We believe our business is somewhat seasonal in nature. It includes many categories, geographies, and channels which may experience seasonality from time to time based on various external factors. Additionally, seasonality may affect our product mix. These historical seasonality trends could continue, and such trends may have a material impact on our financial condition and results of operations in subsequent periods.

Recent Accounting Pronouncements

See "Note 1 - Summary of Significant Accounting Policies and Nature of Operations" of the Notes to Consolidated Financial Statements, included in Part IV, Item 15 of this report.

Critical Accounting Policies and Estimates

Our consolidated financial statements have been prepared in accordance with GAAP. The preparation of our consolidated financial statements requires us to make estimates and assumptions that affect the reported amounts of assets, liabilities, net sales, costs and expenses, and related disclosures. We evaluate our estimates and assumptions on an ongoing basis. Actual results could differ from those estimates under different assumptions and conditions. We believe that of our significant accounting policies, which are described in Note 1 - Summary of Significant Accounting Policies and Nature of Operations" of the Notes to Consolidated Financial Statements, the following accounting policies and estimates set forth below involve a greater degree of judgment or complexity.

Valuation of Inventory - Inventory Reserve. Inventory primarily consists of finished goods. We purchase inventory from suppliers both domestically and internationally, primarily in Taiwan and China. Inventory is accounted for using the first-in first-out ("FIFO") method and valued at the lower of cost or net realizable value. We recognize provisions for obsolete and slow-moving inventory primarily based on judgments about expected disposition of inventory, generally, through sales, or liquidations of obsolete inventory, and expected recoverable values based on currently-available or historical information. If actual market conditions are less favorable than those anticipated by management, additional write-offs to reduce the value of our inventory may be required.

Impairment of Long-Lived Assets. We assess potential impairments whenever events or changes in circumstances indicate that the carrying value of our long-lived assets, or asset group, may not be recoverable. If an indicator of impairment exists, we review the recoverability of our long-lived assets by estimating the future undiscounted cash flows compared to the carrying value of such assets, or asset group. An impairment loss will result when the carrying value of the asset group exceeds the undiscounted future cash flows of the asset group.

On January 3, 2026, we considered the significant decline in our market value, combined with the fiscal year 2025 net cash used in operating activities in the consolidated statements of cash flows, to be changes in circumstances that represent indicators of impairment. Therefore, the consolidated asset group was tested for recoverability by comparing the future undiscounted cash flows against its carrying value. It was determined that the carrying value exceeded the future undiscounted cash flows of the asset group. The fair value of the asset group, estimated using a market approach in an independent third-party valuation, was less than its carrying amount.
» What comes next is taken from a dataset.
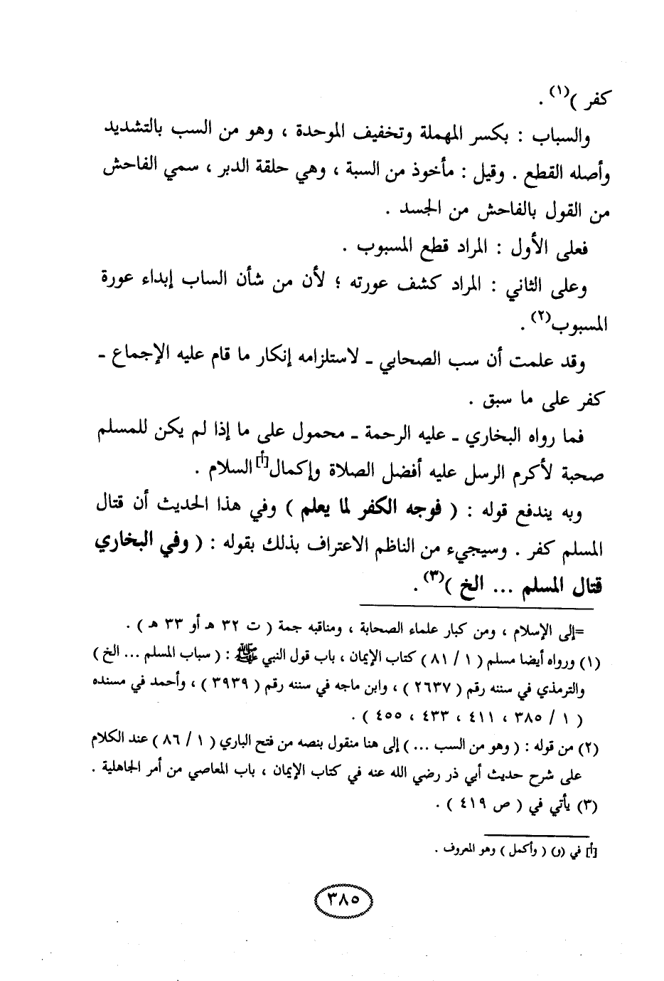 وقد علمت أن سب الصحابي -لاستلزامه إنكار ما قام عليه الإجماع- كفر على ما سبق. فما رواه البخاري عليه الرحمة محمول على ما إذا لم يكن للمسلم صحبة لأكرم الرسل عليه أفضل الصلاة وإكمال السلام.
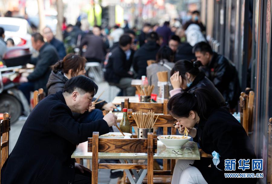2月8日,在成都市老西门面街开街仪式上,成都市民在享受面食。

Therefore, the excess of the carrying amount above the fair value was recognized as an impairment loss, which was allocated to the long-lived assets' carrying values on a pro rata basis. The impairment loss cannot reduce the long-lived asset's carrying value below its fair value. Our long-lived assets consists of property and equipment, net, right-of-use assets - operating leases, net, and right-of-use assets - finance leases, net. During the year ended January 3, 2026, we recognized an impairment charge of $3,690 on its long-lived assets, resulting in an impairment loss of $3,690 recorded in operating expense in the consolidated statements of operations. During the year ended December 28, 2024, no impairment loss was recorded.